## TASK TO CARRY OUT
Reproduce all of the records word for word, omitting the pictures.

Records from a collection
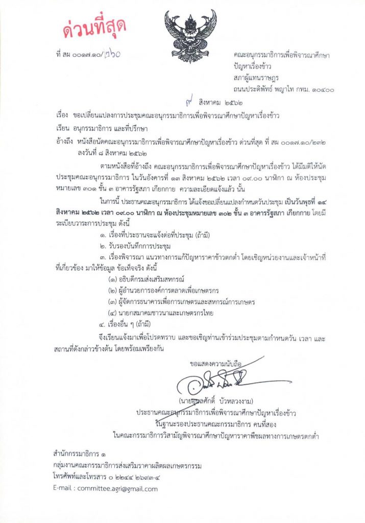 สมาคมชาวนา และเกษตรกรไทย กำหนดเรียกประชุมแกนนำด่วน เพื่อสรุปปัญหาให้รัฐบาลเร่งแก้ไขปัญหา และหาทางช่วยเหลือ โดยเฉพาะปัญหานาข้าวเสียหายเพราะปัญหาภัยแล้ง
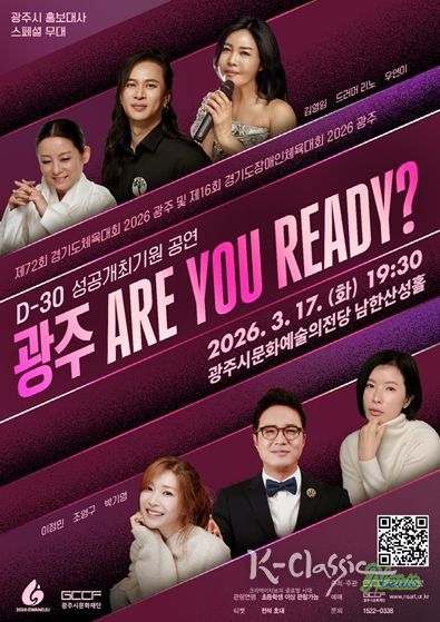 K-Classic News 기자 | 광주시문화재단은 오는 3월 17일 오후 7시 30분, 광주시문화예술의전당 남한산성홀에서 ‘제72회 경기도체육대회 2026 광주 및 제16회 경기도장애인체육대회 2026 광주 D-30 성공기원 공연’ '광주! ARE YOU READY?'’를 개최한다.
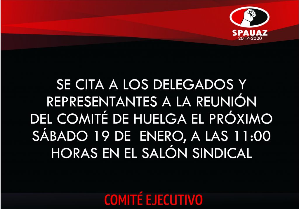SE CITA A LOS DELEGADOS Y REPRESENTANTES A LA REUNIÓN DEL COMITÉ DE HUELGA EL PRÓXIMO SÁBADO 19 DE ENERO, A LAS 11:00 HORAS EN EL SALÓN SINDICAL.
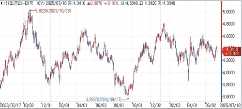 그는 "지금 많은 사람이 이 이슈에 이야기하고 있지만, 지금의 위험이 가격에 반영된 것이 10년 만기 국채 금리"라며 "금리는 지난 2022년 12월 이후로는 크게 움직이지 않고 있다"고 지적했다.
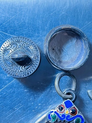 เงินไว้หลอม งานแกะมือสั่งทำ ใช้ชำรุด ทั้งกรอบพระ ห่วงเงิน ตะขอ น้ำหนัก 18.2 กรัม ..

## ANSWER
 สมาคมชาวนา และเกษตรกรไทย กำหนดเรียกประชุมแกนนำด่วน เพื่อสรุปปัญหาให้รัฐบาลเร่งแก้ไขปัญหา และหาทางช่วยเหลือ โดยเฉพาะปัญหานาข้าวเสียหายเพราะปัญหาภัยแล้ง
 K-Classic News 기자 | 광주시문화재단은 오는 3월 17일 오후 7시 30분, 광주시문화예술의전당 남한산성홀에서 ‘제72회 경기도체육대회 2026 광주 및 제16회 경기도장애인체육대회 2026 광주 D-30 성공기원 공연’ '광주! ARE YOU READY?'’를 개최한다.
SE CITA A LOS DELEGADOS Y REPRESENTANTES A LA REUNIÓN DEL COMITÉ DE HUELGA EL PRÓXIMO SÁBADO 19 DE ENERO, A LAS 11:00 HORAS EN EL SALÓN SINDICAL.
 그는 "지금 많은 사람이 이 이슈에 이야기하고 있지만, 지금의 위험이 가격에 반영된 것이 10년 만기 국채 금리"라며 "금리는 지난 2022년 12월 이후로는 크게 움직이지 않고 있다"고 지적했다.
 เงินไว้หลอม งานแกะมือสั่งทำ ใช้ชำรุด ทั้งกรอบพระ ห่วงเงิน ตะขอ น้ำหนัก 18.2 กรัม ..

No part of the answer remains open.